On Saturday I pulled out all of my club singlets going back twenty-plus years. In my mind they had all been very similar and yet when I pulled them out of the drawer I saw that although there have been some constant themes, there have also been quite a few, not always subtle changes.

Looking at my collection here is what I found:

In the early to mid-nineties when I was first introduced to the sport of Cross-County the basic singlet was white with the blue logo and lettering over blue shorts. This featured the now classic sunrise, mountain, trees and male and female runners. This singlet was some sort of synthetic fabric though I can’t be certain exactly what as I cut the tag out years ago. There was also a cotton version of this singlet that I bought but that I never really raced in for obvious reasons.


Bob Merritt working hard back in the 90’s

During this same era, many of the faster runners in the club were sporting a black version of this same design – intimidating but I imagine hot.


Preston and  Gibbons – classics sporting classics

During my third or fourth season of Cross-County in the late nineties a new singlet was introduced. This design had bold black and white panels on either side of a pale blue front and back and very large, bold new Empire Runners logos including the “ER sunburst”. As I recall, this singlet was initially well received but then got low marks as the 100% nylon material tended to be hot and sticky. You don’t see this one often any longer as I imagine they are tucked deep into drawers that seldom see the light of day.


Darryl Beardall running in ER colors

The next iteration of the Empire Runner’s singlet brought back the older logo, now in white on a simple but hard to mistake deep blue polyester body. The new uniform called for black shorts. This combination became the essential ER team uniform for about a decade. Though classic and easily identifiable, it was updated a few years back with script vs block letters and a more realistic graphic of trees and mountains along with the now traditional sunrise. The male and female runners disappeared. The “official” uniform was blue but I own a white version of this latter design that I purchased on special order with the intent of wearing it in hot-weather marathons.

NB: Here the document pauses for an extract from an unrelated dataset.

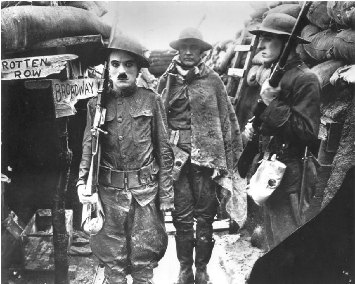
Charlot Soldat de Charles Chaplin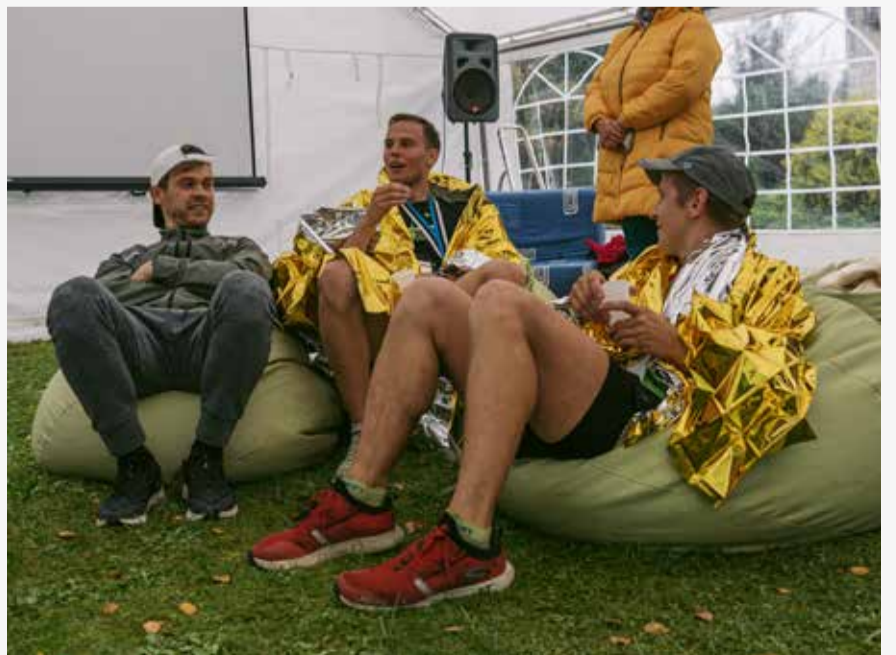
Esikolmik naudib päeva.

Megan Johnson and Val Sell in the blue

About the time that the latter version of the uniform described above became available, the decision was made by the ER Board to allow ER singlets and gear to be sold to the general public.


Gil Moreno – back in black

The other interesting thing that occurred at this time was that you could now buy ER gear in pretty much any color of the rainbow. Don’t like deep blue and white? No problem, get a chartreuse ER singlet and pink cap… Argh. But to each his or her own I guess.

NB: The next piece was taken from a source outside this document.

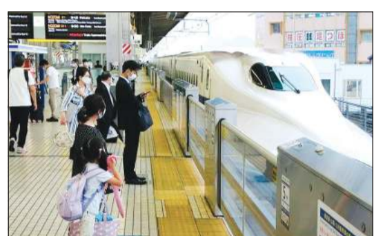
شبكة سكك الحديد في اليابان مثال يحتذى لفعاليتها ودقتها في المواعيد

طوكيو - (أ.ف.ب): يلاحق سائق قطار ياباني قضائيا الشركة التي يعمل لديها لحسمها 56 ينا (نصف دولار) من راتبه كعقاب له بسبب تأخر وصول قطار كان يقوده مدة دقيقة، على ما أعلنت الشركة الخميس. وتكرت صحيفة «يوموري شيمبون»، أن السائق تقدم بالشكوى في مطلع العام الحالي في حق شركة «ويست جابان ريلواي كومباني» (جي آر ويست)، إحدى أهم شركات سكك الحديد في اليابان، بعدما فرضت الأخيرة عليه غرامة بسبب ارتكابه خطأ مهينا تمثل في تأخر قطار كان يقوده مدة دقيقة واحدة في يونيو 2020. ويطلب المدعي بتعويض مقداره 2.2 مليون ين (19300 دولار) بسبب الأذى المعنوي الذي لحق به، وفق الصحيفة. وكان يجب على السائق إيصال قطار فارغ إلى خط جانبي في محطة أوكاياما للقطارات في غرب اليابان، لكنه أخطأ في تحديد الرصيف الصحيح. وأدى هذا الخطأ إلى تأخير تغيير السائق، ما انعكس تأخيرا في مغادرة القطار للمحطة ووصوله إلى وجهته بعد دقيقة من الوقت المحدد.

Just a couple of years ago… though it could be longer I suppose, the club racing singlets saw their arguably most radical change ever which included completely new and/or altered logos, lettering, colors, tones and fabric. The current racing singlet retains a brighter sunrise but only proclaims “Empire” on the front as opposed to Empire Runners and there is no longer any mention of Sonoma Co. The back has a simple ER graphic. The blue is muted. The lettering is outlined in yellow. There are white and gray “flames” or stripes or whatever they are blending in and out. I would describe the overall design as “contemporary”. The fabric is light and breathes well but it is a little course for my taste and I think it could result in chaffing issues in longer races such as the marathon.


(Note that the third singlet from the left is actually hanging backwards.  For a front shot of this singlet, see the picture of Darryl Beardall earlier in this post)

So there is your unofficial, incomplete and totally biased history of the ER club uniform over the last twenty years.

All of this thinking about the club uniforms and logos combined with an actual inventory makes me realize that although we have had some constant themes – the sunrise and “blue” for instance – we have not really kept to a single long-term design.

With all of the above in mind, I would make just a few simple recommendations to the club – 1) adopt a classic logo design and stick with it. 2) If there is a way to tie into some of our earlier themes such as the sunrise motif, do it. 3) Have separate lines of official club racing apparel vs casual apparel. The former should meet strict guidelines and not be altered on a whim. The latter can be in any color, cut or design subject to the winds of fashion.

If you have a passion for what constitutes a strong club logo or uniform design, now might be a good time to get involved.